Hausse des charges, contexte économique, concurrence... Les artisans aveyronnais peinent à garder la tête hors de l'eau et le font savoir. A l'appel de la Capeb, ils manifesteront vendredi à Rodez. Rencontre avec la présidente de l'Union professionnelle de l'artisanat (UPA) qui détaille les préoccupations de ses adhérents.  

  • La hausse des charges

"C’est indéniable que nos cotisations sociales ont fortement augmenté, même si je ne peux pas donner de chiffres. L’assiette du RSI a augmenté, et le Gouvernement parle de poursuivre la hausse, notamment sur la part maladie. Nous avons un échéancier sur dix mois. Au moment de la régularisation, on voit bien que l’on paye toujours plus alors que le chiffre d’affaires n’augmente pas".

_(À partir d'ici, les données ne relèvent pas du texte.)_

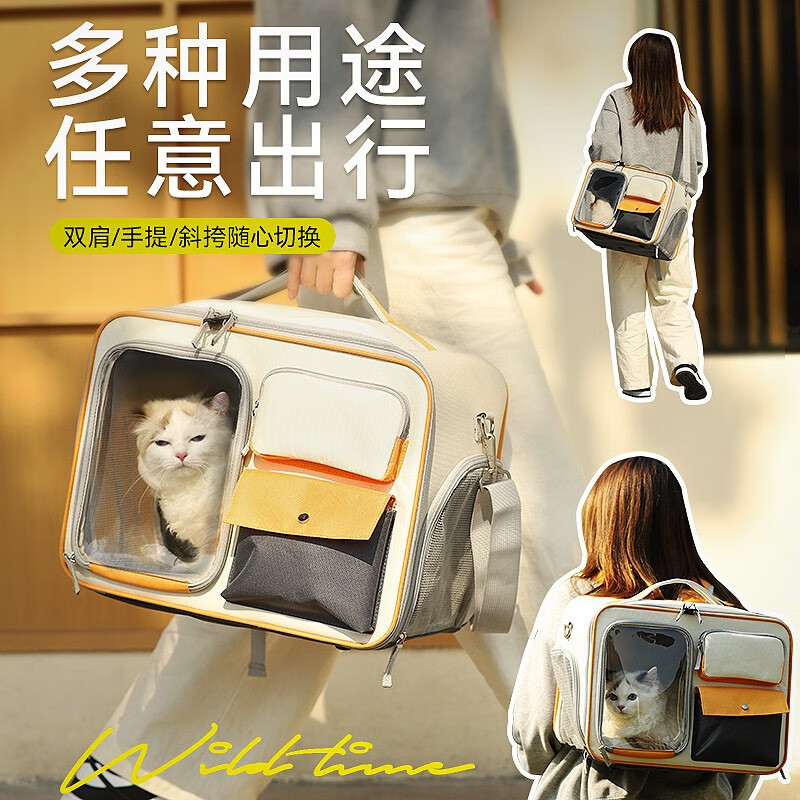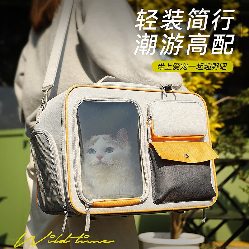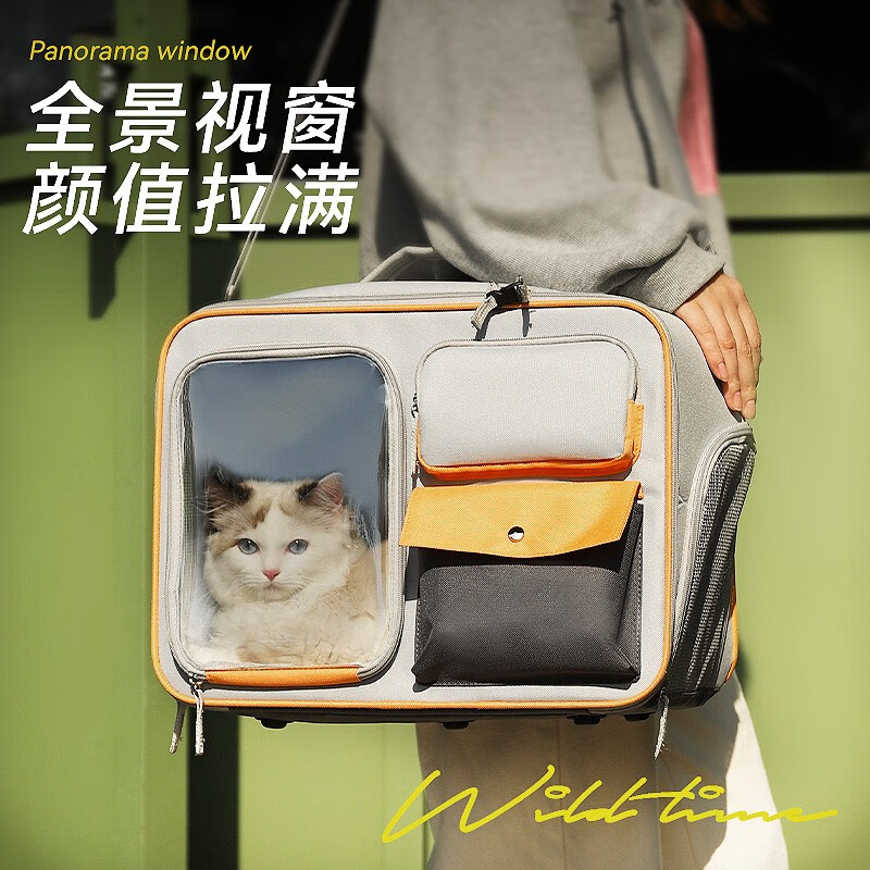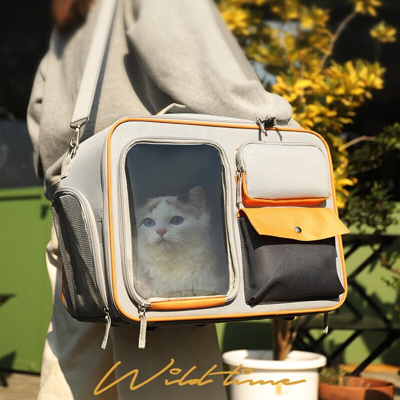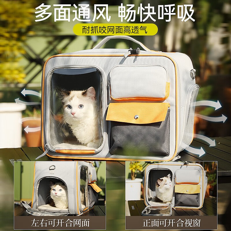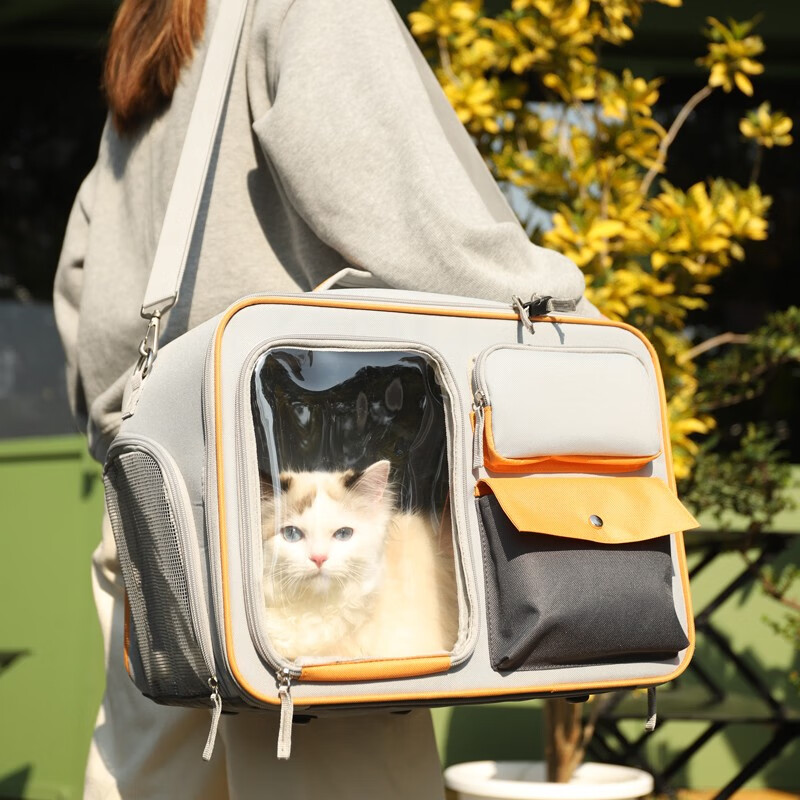 hoopet猫包外出便携宠物背包猫咪太空舱坐车神器可双肩斜跨狗狗包大容量 酷灰 颂斜挎可调节肩带 建议18斤内猫/12斤内狗
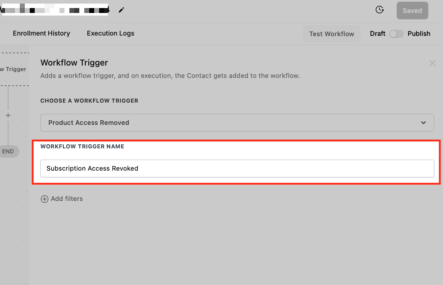 Navigate to the automation or workflow settings in your CRM platform. Create a new workflow from scratch or select the existing workflow where you want to implement the "Product Access Removed" trigger.

Le RSI, ou Régime social des indépendants, regroupe en fait l’ensemble des cotisations sociales des indépendants (retraite, maladie, indemnités journalières...). Il s’agit d’un système complexe, décrié, qui a augmenté pour beaucoup notamment pour ce qui concerne l’assurance-maladie, déplafonnée, alors que certains abattements pour frais professionnels ont été supprimés, et que les dividendes sont désormais taxables. Les cotisations sont basées sur les bénéfices à N-2, ce qui a pour effet d’acculer les petites entreprises en difficulté. Le mouvement des «moutons», dans le sillage de celui des "pigeons", a traduit le mal-être des indépendants, bien qu’éphémère. 

  • La baisse du chiffre

"Je ne sais pas s’il y a une baisse de la clientèle. Ce qui est sûr, c’est qu’il y a une baisse du panier, très marquée. Les restaurateurs vous le diront, alors que le même nombre de clients passe leur porte. Les gens font attention à la note finale. C’est difficile de dire de combien à chuter le chiffre, mais pour beaucoup d’entre nous, c’est de l’ordre de 20%, au moins. La crise certainement, le marasme en tout cas, c’est certain. Même si les gens ne sont pas directement touchés, ils font attention, reportent certains projets." 

  • Les autoentrepreneurs

"Je ne suis pas contre le principe, dès lors qu’il est limité dans le temps, deux ans par exemple. Que des gens se servent de ce régime comme d’un tremplin, pourquoi pas. Le problème, c’est que ce n’est pas le cas et qu’ils représentent pour nous une concurrence déloyale, puisque les cotisations et la fiscalité sont plus avantageuses."

  • Une nouvelle donne

"La société a changé. Avant, pour venir chez l’esthéticienne, il fallait prendre rendez-vous longtemps à l’avance, ce n’est plus le cas. Nous devons nous adapter. Dans le bâtiment, certaines entreprises avaient une visibilité à deux ans. Aujourd’hui, c’est plutôt deux mois. Il faut réadapter nos fonctionnements." 

  • L’action de la Capeb

"Je comprends leur souci, je comprends ce qu’ils défendent: la TVA réduite, la menace de l’écotaxe, les autoentrepreneurs. Je les comprends sur le fond, mais je n’adhère pas à la forme de leur action que je trouve trop violente." Rappelons que depuis quelques jours, les artisans du bâtiment affiliés à la Capeb "tagguent" sur les routes du département ce message: "Attention, un jour ça va péter". "Si je serai à leurs côtés vendredi ? Je ne sais pas. En tout cas, je n’y ai pas été invitée. À l’UPA au niveau national, nous avions pensé un temps nous associer à cette manifestation, nous souhaitions qu’il s’agisse d’un mouvement UPA, mais la Capeb a refusé. Pour revenir à leur action, c’est peut-être eux qui ont raison puisqu’ils ont fait le “buzz”. Mais la tournure qu’elle a prise me dérange."

  • Le niveau de vie

"Vous savez, il ne faut pas croire que l’on roule sur l’or. Dans les petites entreprises, les salariés gagnent parfois plus que l’artisan. C’est des heures à n’en plus finir, et souvent, heureusement que le conjoint permet d’amortir le coup.Les gens ne s’en rendent pas compte. Les clients ne le voient pas et c’est bien comme ça." 

  • L’avenir

"Oui nous sommes inquiets, mais oui aussi nous pensons qu’il y aura des jours meilleurs. C’est pour cela que l’on s’accroche, sinon on arrêterait de se battre. Mais il ne faut pas que ça tarde, car nous avons fait le dos rond notamment pour sauver nos salariés, pour protéger nos clients."